Patient-provided or externally received files follow a simple, explicit workflow:

  1. The file is placed into the CR’s files/ directory
  2. A reference is created in an appropriate artefact
  3. A clinician may later incorporate or reinterpret the material

This mirrors real-world clinical practice (for example “patient brought letter – reviewed”).


Versioning Behaviour

  • Files are immutable once added (enforced by the FilesService)
  • New or corrected content results in a new file with a different hash
  • References are append-only
  • Historical references remain valid indefinitely
  • Attempting to store a file with an existing hash returns an error

No reference is silently replaced or overwritten.


Redaction and Removal

VPR does not support silent deletion.

When a file must be withdrawn or redacted:

  • The reference in CR is explicitly marked as withdrawn or redacted
  • A tombstone remains in versioned history
  • The file may be removed from files/ as a separate, explicit action

The system always retains evidence that the file once existed in the Redacted Retention Repository (RRR).

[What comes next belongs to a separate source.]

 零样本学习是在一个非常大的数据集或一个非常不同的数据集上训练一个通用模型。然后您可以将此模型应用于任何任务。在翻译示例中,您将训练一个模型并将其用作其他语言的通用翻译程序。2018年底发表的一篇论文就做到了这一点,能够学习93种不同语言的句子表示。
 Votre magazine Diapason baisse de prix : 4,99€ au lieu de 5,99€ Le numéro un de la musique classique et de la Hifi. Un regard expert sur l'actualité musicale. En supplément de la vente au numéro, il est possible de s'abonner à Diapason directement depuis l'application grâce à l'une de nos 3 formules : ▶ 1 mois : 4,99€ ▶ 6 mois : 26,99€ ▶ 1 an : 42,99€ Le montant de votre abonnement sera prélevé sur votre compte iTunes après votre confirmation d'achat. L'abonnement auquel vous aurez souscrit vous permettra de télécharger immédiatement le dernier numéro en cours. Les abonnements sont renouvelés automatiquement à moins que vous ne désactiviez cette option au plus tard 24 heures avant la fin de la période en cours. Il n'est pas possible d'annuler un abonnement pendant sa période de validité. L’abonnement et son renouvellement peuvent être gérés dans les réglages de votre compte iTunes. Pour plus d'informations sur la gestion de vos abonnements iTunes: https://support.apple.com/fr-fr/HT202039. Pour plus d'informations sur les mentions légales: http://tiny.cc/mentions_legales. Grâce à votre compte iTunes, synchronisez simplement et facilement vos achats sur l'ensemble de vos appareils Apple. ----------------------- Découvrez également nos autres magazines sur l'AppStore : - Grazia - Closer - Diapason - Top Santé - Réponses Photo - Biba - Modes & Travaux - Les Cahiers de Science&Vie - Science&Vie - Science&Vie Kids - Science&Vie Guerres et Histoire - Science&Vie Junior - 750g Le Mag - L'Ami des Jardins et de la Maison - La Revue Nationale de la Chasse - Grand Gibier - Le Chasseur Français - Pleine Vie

Why Git Large File Storage Is Not Used

Git Large File Storage (LFS) is not suitable because:

  • It relies on repository paths rather than actual content identity
  • It complicates offline and partial copies
  • It does not align with openEHR-style separation of meaning and identity

Git is used to version clinical meaning, not binary bytes.

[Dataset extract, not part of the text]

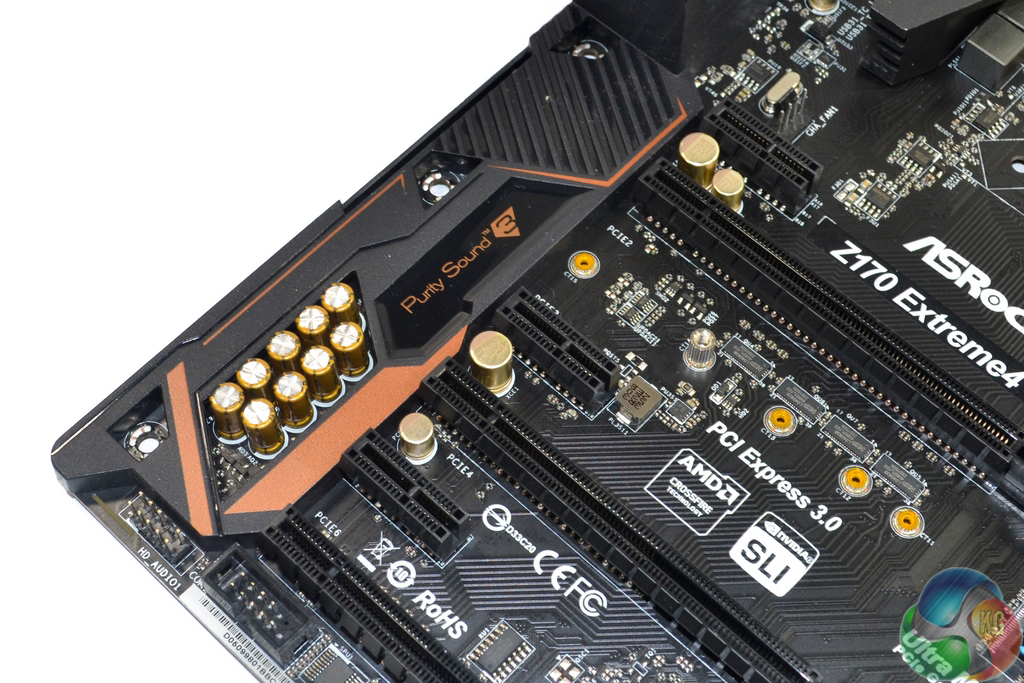 PCB segregation is used to separate the audio signals, however the Realtek ALC 1150 codec is deployed in an unshielded state – many motherboards ship with dedicated EMI shielding for the audio codec.

Enterprise Deployment and Acceleration (Non-Canonical Layer)

In enterprise deployments, VPR retains the on-disk Clinical Repository (CR) as the canonical source of truth, while performance, scale, and availability are achieved through derived acceleration layers. These include projection databases, indexes, and caches built by continuously reading the canonical CR and materialising fast read models for queries, lists, and search. Large files remain conceptually part of the CR but may be mirrored to object storage for durability and efficient delivery; such storage acts as a distribution and persistence layer, not a new authority. All enterprise components are explicitly rebuildable from the canonical repository, tolerate missing binary bytes, and never accept writes that bypass the CR. This preserves VPR’s laptop-first, openEHR-aligned philosophy while enabling high-throughput, low-latency operation at organisational scale.


Implementation

VPR provides the FilesService (in the vpr_files crate) for managing binary file storage:

Core Operations

  • add(source_path) — Adds a file to content-addressed storage

    • Computes SHA-256 hash
    • Creates sharded storage path
    • Enforces immutability (errors if hash exists)
    • Detects media type automatically
    • Returns FileMetadata with all reference information
  • read(hash) — Retrieves file contents by hash

    • Returns file as byte vector (Vec<u8>)
    • Suitable for network transmission
    • Errors if file not found

Service Characteristics

  • Repository-scoped: Each service instance is bound to one repository
  • Defensive: Validates all paths and prevents directory traversal
  • Stateless: No persistent state beyond filesystem
  • Safe: All paths canonicalised to prevent symlink attacks

See crates/files/src/files.rs for complete implementation details.


Summary

  • Each repository stores its own files locally
  • Files live in a files/ directory alongside versioned content
  • Files are not tracked by Git
  • References are explicit, relative, and auditable
  • Clinical meaning always lives in versioned artefacts

This design keeps VPR simple, portable, openEHR-aligned, and clinically honest.